In connection with its review, with the consent of the Company Board, UBS assumed and relied upon, without independent verification, the accuracy and completeness in all material respects of the information provided to or reviewed by UBS for the purpose of its opinion. In addition, with the consent of the Company Board, UBS did not make any independent evaluation or appraisal of any of the assets or liabilities (contingent or otherwise) of the Company, Kyivstar or VimpelCom Ltd., and was not furnished with any such evaluation or appraisal. With respect to the financial forecasts, estimates and synergies referred to above, UBS assumed, at the direction of the Company Board, that such forecasts, estimates and synergies had been reasonably prepared on a basis reflecting the best currently available estimates and judgments of the management of the Company as to the

 

25


future financial performance of the Company and Kyivstar and such synergies. These forecasts, estimates and synergies are summarized below under “Forecasted Financial Information and Synergy Estimates—Forecasted Financial Information and Synergy Estimates as of February 8, 2010.” In addition, UBS assumed, with the approval of the Company Board, that such financial forecasts, estimates and synergies would be achieved at the times and in the amounts projected. UBS’ opinion was necessarily based on economic, monetary, market and other conditions as in effect on, and the information available to UBS as of, the date of its opinion.

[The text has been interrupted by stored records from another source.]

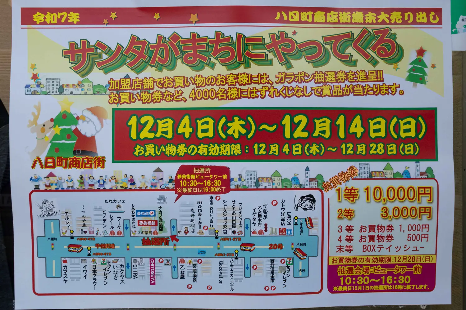 年末恒例、八日町商店街の歳末大売り出しが今年もスタート!加盟店でお買い物をすると、ガラポン抽選券がもらえるお楽しみイベントです。商店街はすっかり年末ムードに包まれています。2025年12月14日(日)までですので急げ〜!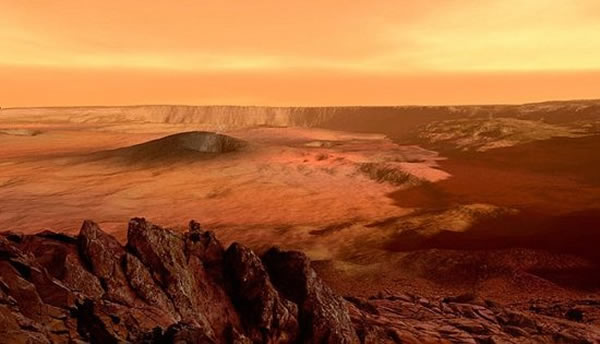 火星上的海拉斯盆地被认为是小行星猛烈撞击所留下的,其中沉积岩的碎片环形分布于陨石坑周围,厚度可达一英里。图2为小行星出现在水手峡谷(Valles Marineris)上方的想象图,正是1500英里宽的小行星撞击造成火星磁场的消失。据火星探测器报告显示,该盆地形成于41至42亿年前,当时正处于火星磁场动乱的年代。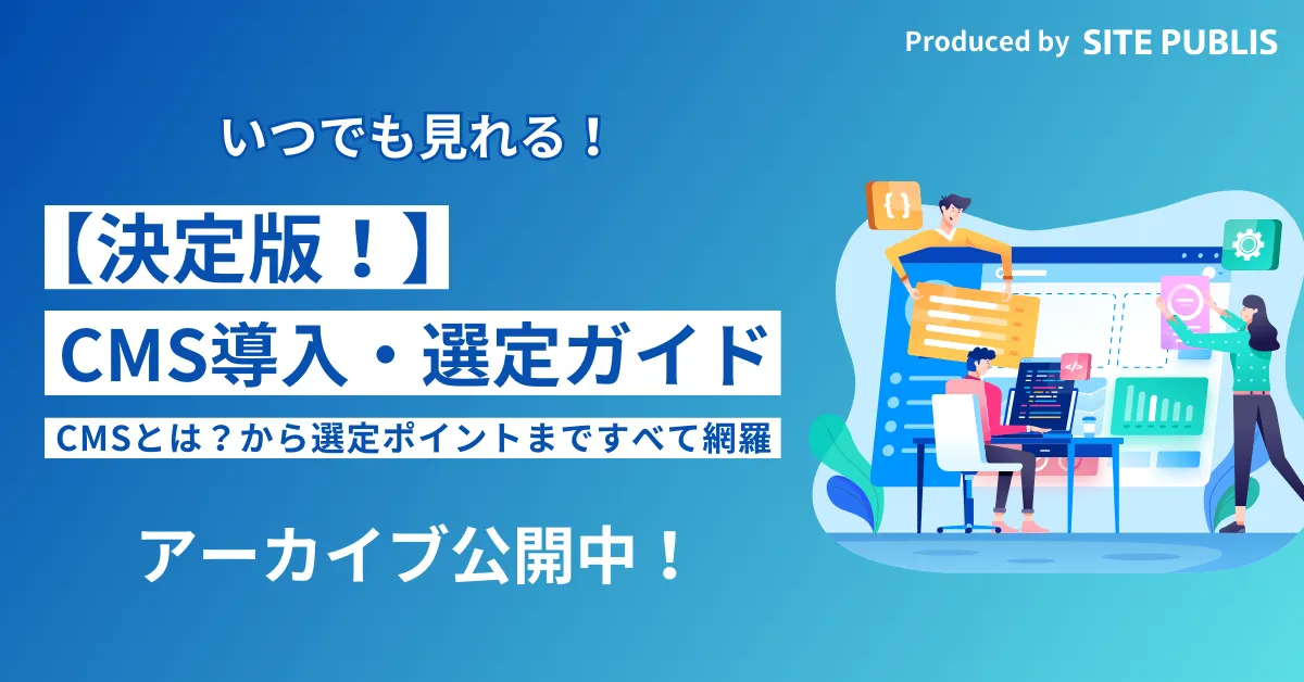 株式会社サイト・パブリスでは、CMSの導入やリプレイスを検討している方々のために、無料のセミナーアーカイブを公開しました。これらのセミナーは「CMS導入・選定ガイド」と「使いやすいCMSの秘密」という2本で構成されており、興味のある部分を好きな時に視聴できるメリットがあります。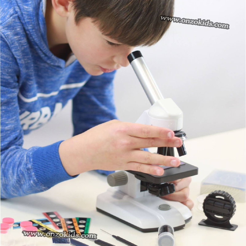 Comme un vrai scientifique ! Un microscope en métal avec optiques et oculaires en verre pour des observations de grande qualité ! 3 zooms : X 100 – X 250 – X 1000 HD. Nombreux accessoires inclus: lamelles, pince, mélangeur, étiquettes, boite de Petri, micro trancheuse…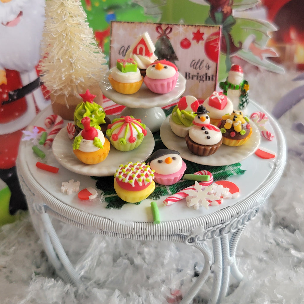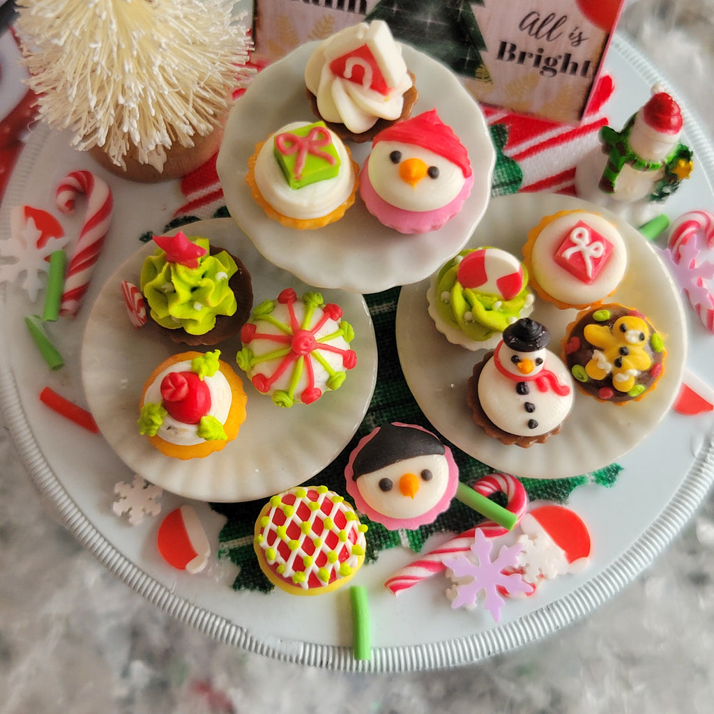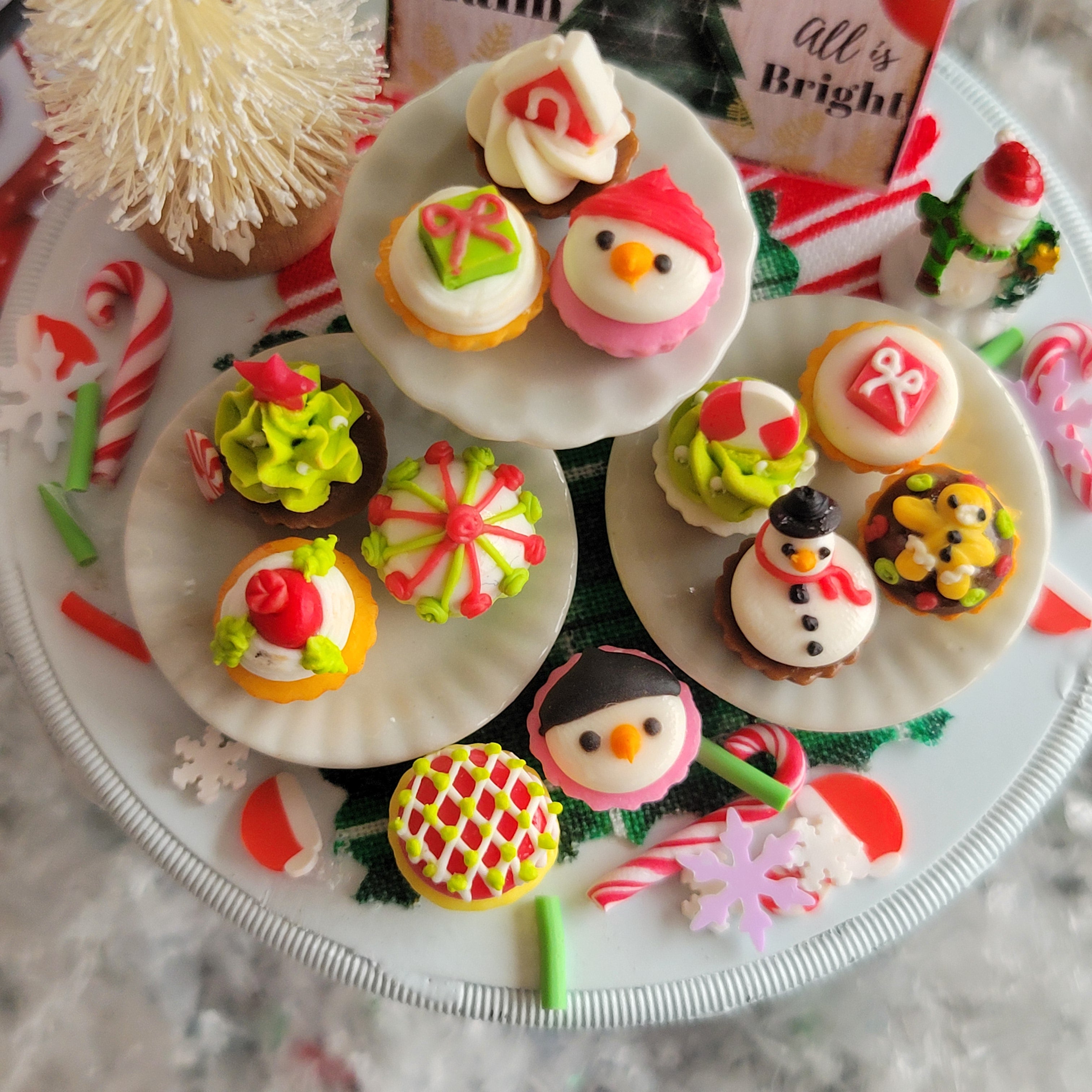 Get ready for a dazzling display of holiday cheer with today’s spectacular assortment of Christmas cupcakes! Each cupcake, crafted in 1:12 scale, is a miniature masterpiece bursting with festive charm: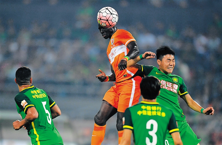 9月25日, 在2016赛季中超第26轮的比赛中,北京队主场1:2负于山东队。图为山东队球员西塞(左二)头球攻门。 新华社发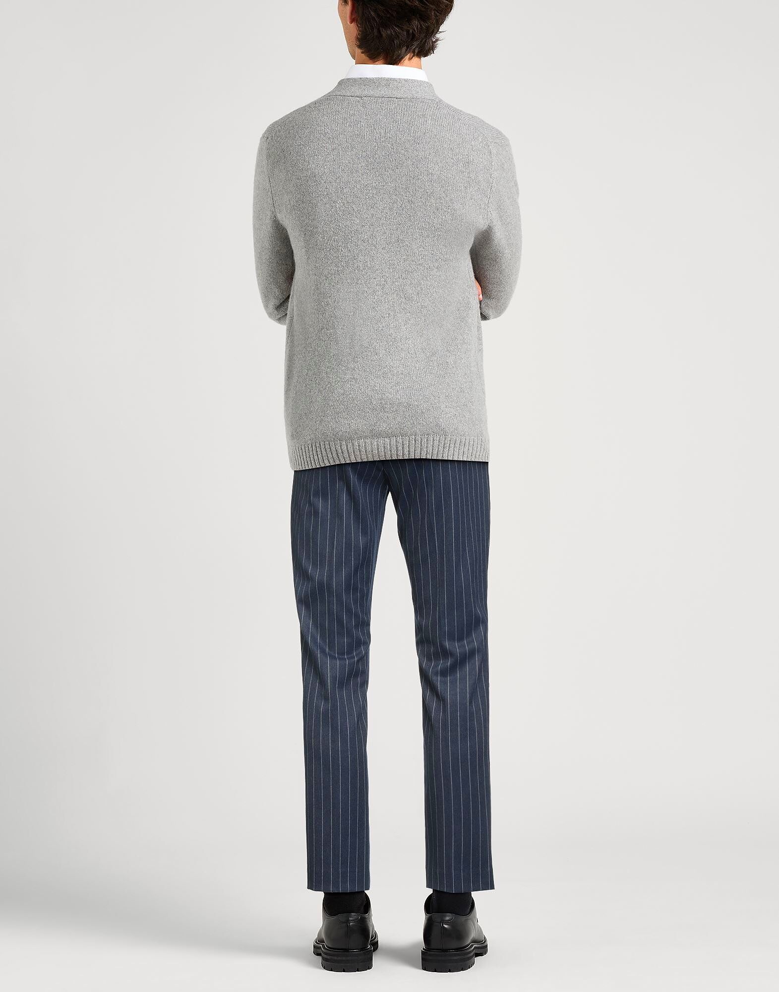 Классические брюки, фланель, эластичная ткань, в тонкую полоску, без аппликаций, средняя посадка, шлевки для ремня, зауженные штанины, стандартный крой, застежка на крючки, застежка на молнию, прорезные карманы, накладные карманы, химчистка, не отбеливать, не сушить в сушильной машине Создайте идеальный образ с этим дизайнерским комплектом, подходящим для деловых встреч или особых случаев

At the direction of the Company Board, UBS was not asked to, and it did not, offer any opinion as to the terms of the Share Exchange Agreement or Other Agreements or the form of the Transactions. In addition, UBS expressed no opinion as to the fairness of the amount or nature of any compensation to be received by any officers, directors or employees of any parties to the Transactions, or any class of such persons, relative to the Exchange Ratio. UBS expressed no opinion as to what the value of VimpelCom Ltd. common DRs or VimpelCom Ltd. preferred DRs would be when issued pursuant to the Transactions or the prices at which the Company’s Common Shares, the Company’s ADSs or VimpelCom Ltd. common DRs would trade at any time. In rendering its opinion, UBS assumed, with the consent of the Company Board, that (i) the parties to the Share Exchange Agreement and the Other Agreements would comply with all material terms of those agreements and (ii) the Transactions would be consummated in accordance with the terms of the Share Exchange Agreement and the Other Agreements without any adverse waiver or amendment of any material term or condition of those agreements. UBS also assumed that all governmental, regulatory or other consents and approvals necessary for the consummation of the Transactions would be obtained without any material adverse effect on the Company, VimpelCom Ltd., Kyivstar or the Transactions. UBS was not authorized to solicit and did not solicit indications of interest in a transaction with the Company from any party. Except as described above, the Company imposed no other instructions or limitations on UBS with respect to the investigations made or the procedures followed by UBS in rendering its opinion. The issuance of UBS’ opinion was approved by a committee authorized by UBS.

In connection with rendering its opinion to the Company Board, UBS performed a variety of financial and comparative analyses which are summarized below. The following summary is not a complete description of all analyses performed and factors considered by UBS in connection with its opinion. The preparation of a financial opinion is a complex process involving subjective judgments and is not necessarily susceptible to partial analysis or summary description. With respect to the selected companies analysis and the selected transactions analysis summarized below, no company or transaction used as a comparison was identical to the Company, Kyivstar, VimpelCom Ltd. or the Transactions. These analyses necessarily involve complex considerations and judgments concerning financial and operating characteristics and other factors that could affect the public trading or acquisition values of the companies concerned.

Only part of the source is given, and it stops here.